• Task directions
Your answer must be the exact lines below, starting with the line with "One 1934C $10" and going on through the line with "中国江苏白马农业会展中心数据", both included, with no pictures.

• The data
+ + + + +

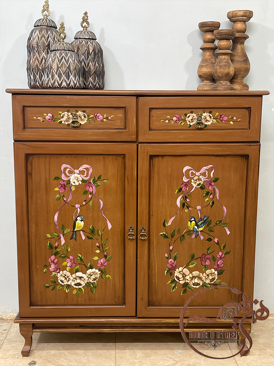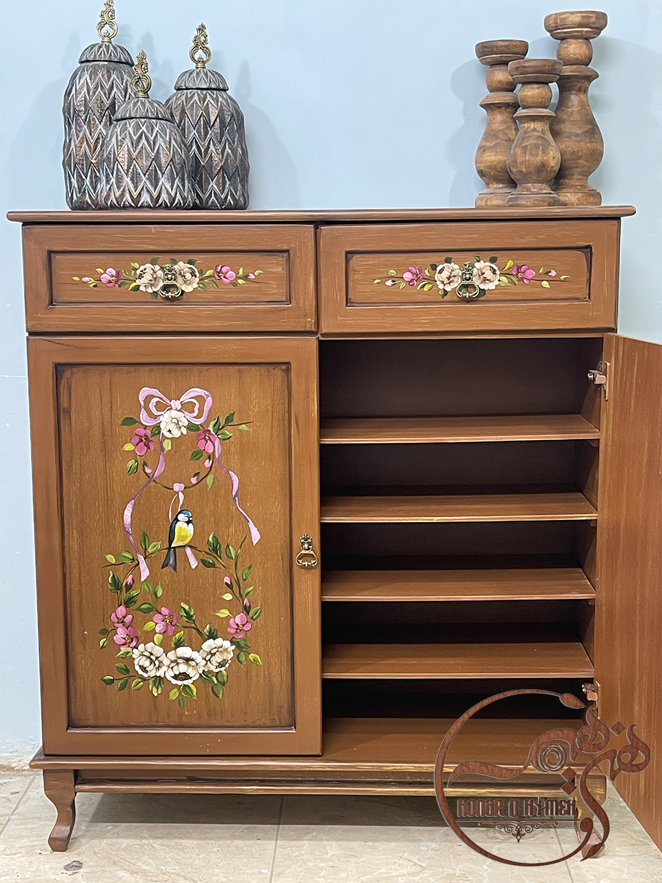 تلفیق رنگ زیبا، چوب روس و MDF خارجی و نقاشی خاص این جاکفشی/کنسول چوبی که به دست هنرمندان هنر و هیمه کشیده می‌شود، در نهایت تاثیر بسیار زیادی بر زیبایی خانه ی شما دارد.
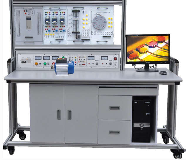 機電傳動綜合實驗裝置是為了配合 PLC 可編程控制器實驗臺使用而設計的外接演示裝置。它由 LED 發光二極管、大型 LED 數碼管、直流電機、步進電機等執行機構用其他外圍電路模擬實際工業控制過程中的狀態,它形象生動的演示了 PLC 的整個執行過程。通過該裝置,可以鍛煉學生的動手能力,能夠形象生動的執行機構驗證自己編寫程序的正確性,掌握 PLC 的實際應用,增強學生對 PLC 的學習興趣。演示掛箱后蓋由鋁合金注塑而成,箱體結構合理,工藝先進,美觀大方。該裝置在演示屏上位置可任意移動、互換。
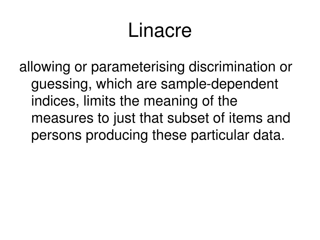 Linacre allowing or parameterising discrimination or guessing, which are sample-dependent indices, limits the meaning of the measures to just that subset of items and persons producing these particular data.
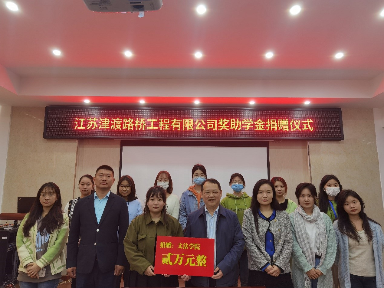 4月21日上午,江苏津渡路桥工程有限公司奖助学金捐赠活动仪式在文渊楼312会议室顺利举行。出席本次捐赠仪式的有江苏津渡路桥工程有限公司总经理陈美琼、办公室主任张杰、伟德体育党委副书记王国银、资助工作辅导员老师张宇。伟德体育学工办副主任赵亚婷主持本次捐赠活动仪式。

+ + + + +

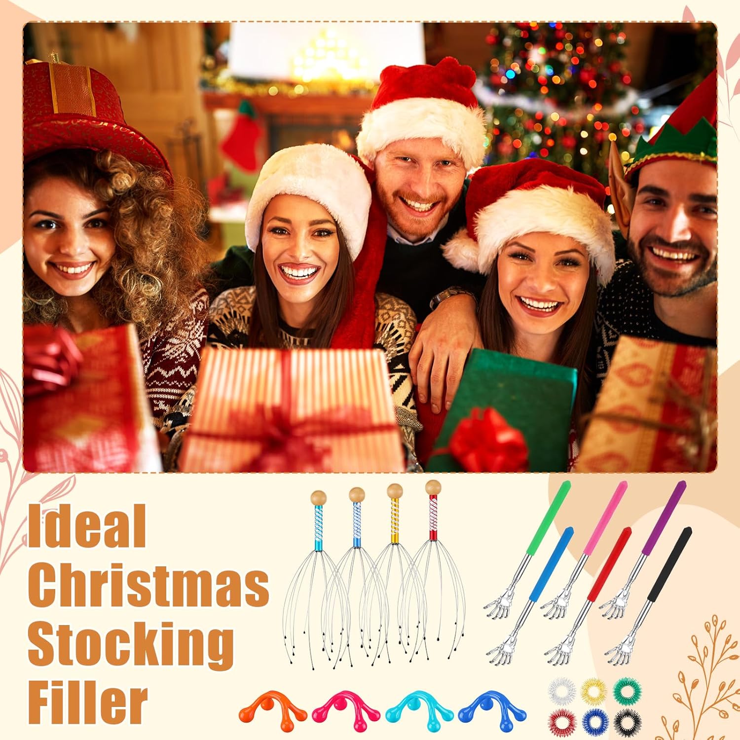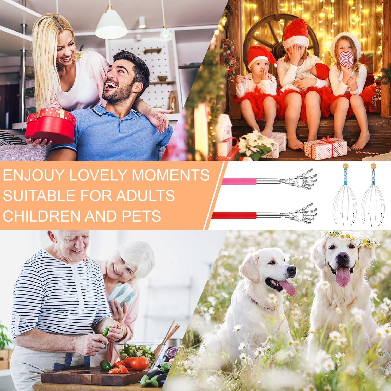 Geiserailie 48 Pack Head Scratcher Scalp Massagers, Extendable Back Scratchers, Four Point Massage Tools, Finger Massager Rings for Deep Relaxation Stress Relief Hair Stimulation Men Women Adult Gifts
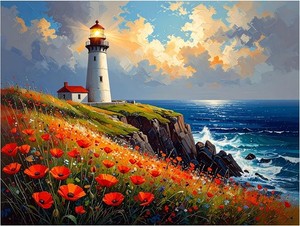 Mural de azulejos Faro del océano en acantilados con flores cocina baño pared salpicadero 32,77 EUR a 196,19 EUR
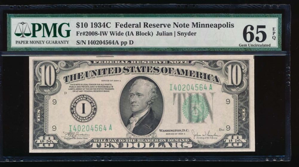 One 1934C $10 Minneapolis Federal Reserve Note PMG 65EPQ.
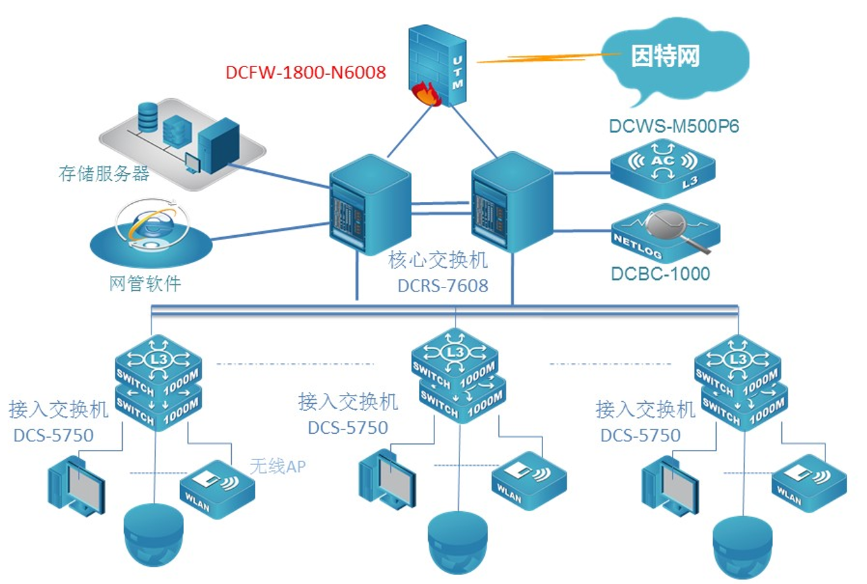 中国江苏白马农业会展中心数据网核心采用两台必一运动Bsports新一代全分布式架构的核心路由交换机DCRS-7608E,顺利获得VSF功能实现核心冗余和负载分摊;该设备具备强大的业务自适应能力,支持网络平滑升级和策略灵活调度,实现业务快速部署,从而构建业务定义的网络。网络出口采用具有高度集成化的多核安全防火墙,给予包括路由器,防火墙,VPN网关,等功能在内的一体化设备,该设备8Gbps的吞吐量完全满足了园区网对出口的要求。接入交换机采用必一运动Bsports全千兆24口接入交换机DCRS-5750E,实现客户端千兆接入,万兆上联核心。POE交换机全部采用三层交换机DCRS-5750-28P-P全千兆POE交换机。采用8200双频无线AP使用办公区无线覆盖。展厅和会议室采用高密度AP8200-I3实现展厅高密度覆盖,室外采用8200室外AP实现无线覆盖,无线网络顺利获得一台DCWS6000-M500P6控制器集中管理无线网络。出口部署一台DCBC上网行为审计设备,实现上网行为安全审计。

+ + + + +

• Response to this task
 One 1934C $10 Minneapolis Federal Reserve Note PMG 65EPQ.
 中国江苏白马农业会展中心数据网核心采用两台必一运动Bsports新一代全分布式架构的核心路由交换机DCRS-7608E,顺利获得VSF功能实现核心冗余和负载分摊;该设备具备强大的业务自适应能力,支持网络平滑升级和策略灵活调度,实现业务快速部署,从而构建业务定义的网络。网络出口采用具有高度集成化的多核安全防火墙,给予包括路由器,防火墙,VPN网关,等功能在内的一体化设备,该设备8Gbps的吞吐量完全满足了园区网对出口的要求。接入交换机采用必一运动Bsports全千兆24口接入交换机DCRS-5750E,实现客户端千兆接入,万兆上联核心。POE交换机全部采用三层交换机DCRS-5750-28P-P全千兆POE交换机。采用8200双频无线AP使用办公区无线覆盖。展厅和会议室采用高密度AP8200-I3实现展厅高密度覆盖,室外采用8200室外AP实现无线覆盖,无线网络顺利获得一台DCWS6000-M500P6控制器集中管理无线网络。出口部署一台DCBC上网行为审计设备,实现上网行为安全审计。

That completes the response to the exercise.